BEGIN Material provided
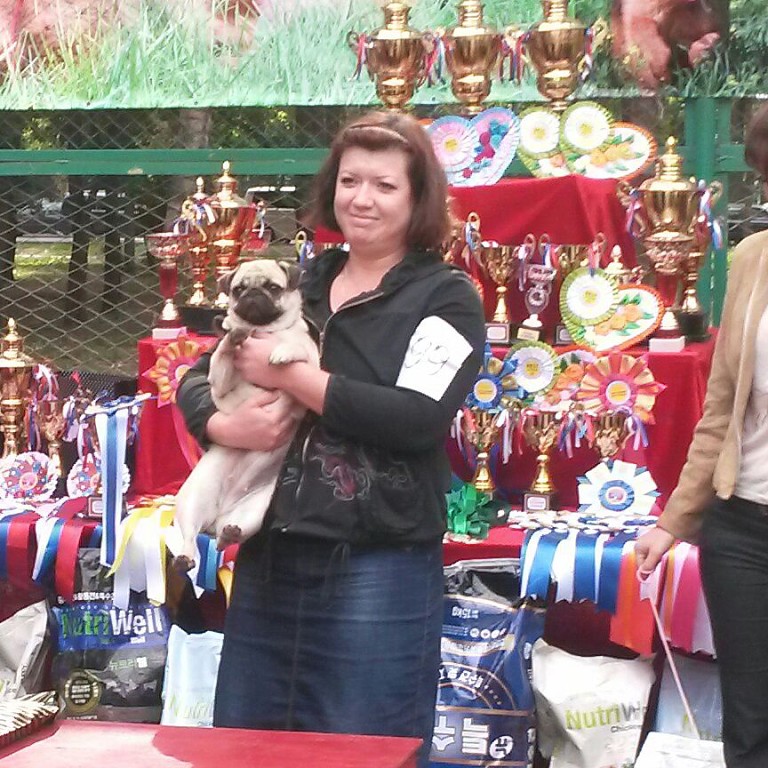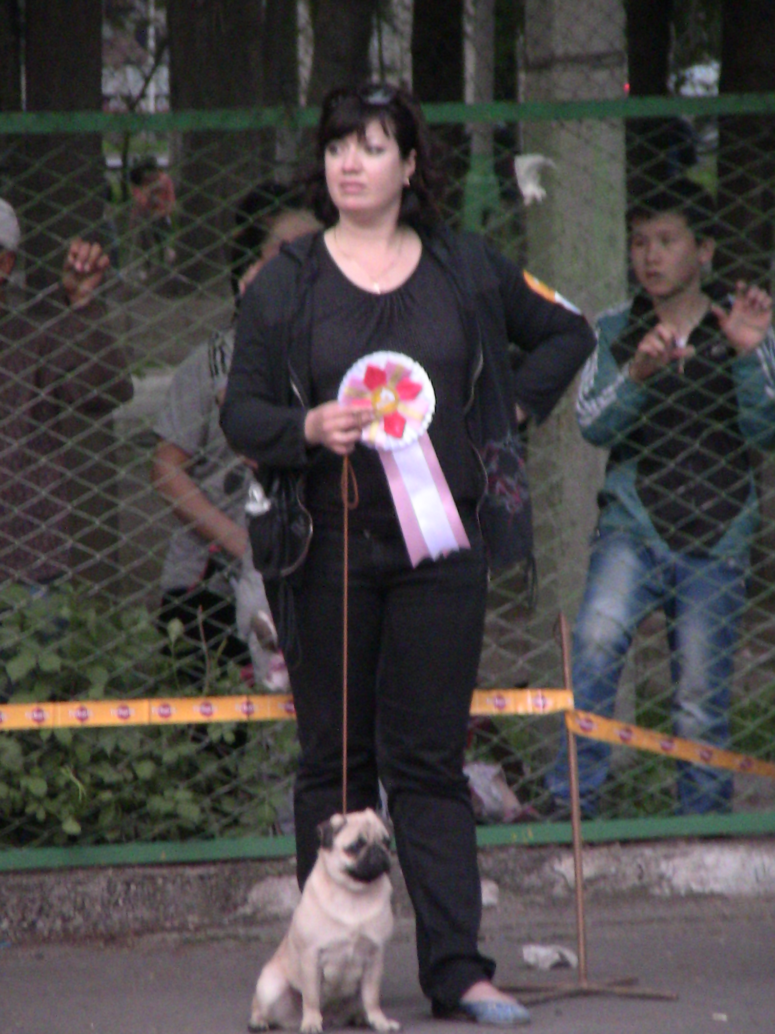 Просим прощения за долгое молчание, но у нас были веские причины! Мы готовились к первой в нашей жизни выставке - что для нашей мопсодевушки, что для нас, ее любящих родителей! Прошерстив весь форум, я до последнего сомневалась, получится ли... Но видимо наши старания и тренировки не прошли даром... Правда в стойке раскручивали хвост (видимо сказалась жара и долгое ожидание, нас даже смотрели не в ринге, а за его пределами), но эксперт нас похвалила, и сказала, что тех кому необходимо выставляться видно сразу (сам себя не похвалишь, от скромности не умрешь (IMG:style_emoticons/default/smile.gif) ). В итоге у нас оценка отлично и первое место в классе щенков среди сук... С кобелями видимо была напряженка, точнее их не было, в итоге мы автоматом прошли в бест... Но в бесте, увы, нам ничего не досталось. Но мы не расстроились, и готовы к новым свершениям. Так что поздравляейте нас!!! Заранее всем спасибо! |
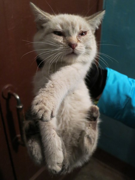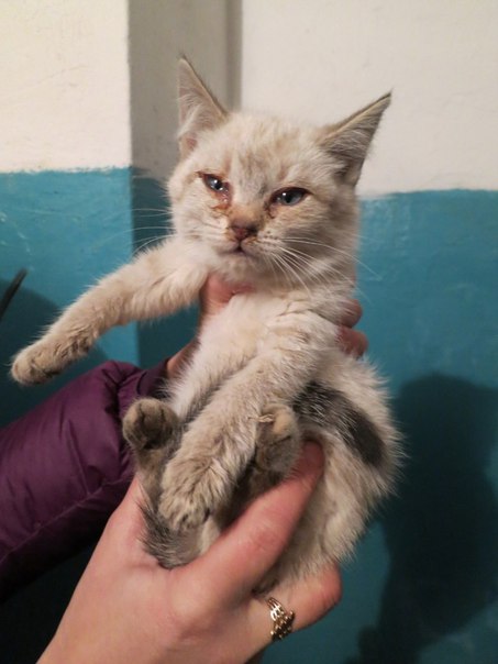 Бывшедомашняя тайка.Ее хозяйка тяжело заболела,и оказалась в больнице.А кошечка оказалась на улице..Возраст кошки 8 месяцев. "Временно живет в ларьке.Ночью терпит, не ходит в туалет, а ждет когда ей откроют на утро дверь. В ларьке она больше не может оставаться!!! На фото она получилась не очень, а так она красивая у нее небесно голубые глаза, а сама она пепельно-серая"
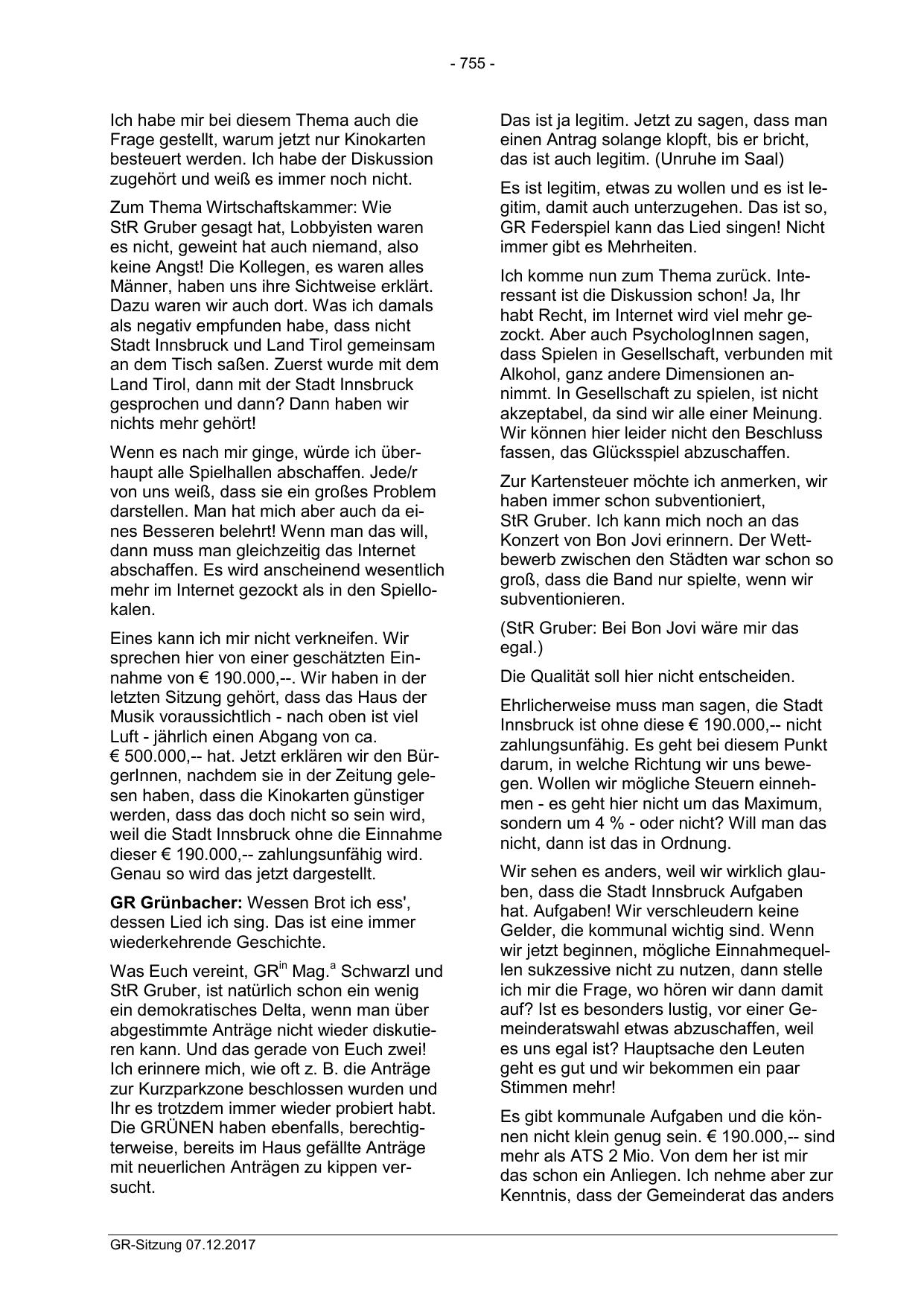 Wir sehen es anders, weil wir wirklich glauben, dass die Stadt Innsbruck Aufgaben
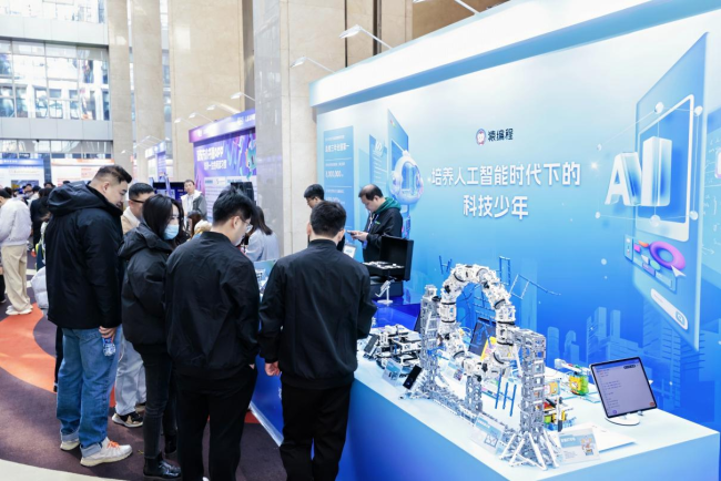 本次展会,猿编程展出了多个星瀚搭建的互动项目。“自动停车”项目通过语音交互与机械控制结合,锻炼指令转化与空间规划能力;“会学习的机械臂”则让学生在动手实操与机器自动运行的过程中理解动作序列与记忆逻辑。这些案例让青少年在趣味实践中深化对AI技术的理解,在跨学科应用中提升复合思维与问题解决能力。
END Material provided
* _Your objective_:
In your copy of the listing above, every line must match exactly and no picture may appear.

* _Completed exercise_:
 Просим прощения за долгое молчание, но у нас были веские причины! Мы готовились к первой в нашей жизни выставке - что для нашей мопсодевушки, что для нас, ее любящих родителей! Прошерстив весь форум, я до последнего сомневалась, получится ли... Но видимо наши старания и тренировки не прошли даром... Правда в стойке раскручивали хвост (видимо сказалась жара и долгое ожидание, нас даже смотрели не в ринге, а за его пределами), но эксперт нас похвалила, и сказала, что тех кому необходимо выставляться видно сразу (сам себя не похвалишь, от скромности не умрешь (IMG:style_emoticons/default/smile.gif) ). В итоге у нас оценка отлично и первое место в классе щенков среди сук... С кобелями видимо была напряженка, точнее их не было, в итоге мы автоматом прошли в бест... Но в бесте, увы, нам ничего не досталось. Но мы не расстроились, и готовы к новым свершениям. Так что поздравляейте нас!!! Заранее всем спасибо! |
 Бывшедомашняя тайка.Ее хозяйка тяжело заболела,и оказалась в больнице.А кошечка оказалась на улице..Возраст кошки 8 месяцев. "Временно живет в ларьке.Ночью терпит, не ходит в туалет, а ждет когда ей откроют на утро дверь. В ларьке она больше не может оставаться!!! На фото она получилась не очень, а так она красивая у нее небесно голубые глаза, а сама она пепельно-серая"
 Wir sehen es anders, weil wir wirklich glauben, dass die Stadt Innsbruck Aufgaben
 本次展会,猿编程展出了多个星瀚搭建的互动项目。“自动停车”项目通过语音交互与机械控制结合,锻炼指令转化与空间规划能力;“会学习的机械臂”则让学生在动手实操与机器自动运行的过程中理解动作序列与记忆逻辑。这些案例让青少年在趣味实践中深化对AI技术的理解,在跨学科应用中提升复合思维与问题解决能力。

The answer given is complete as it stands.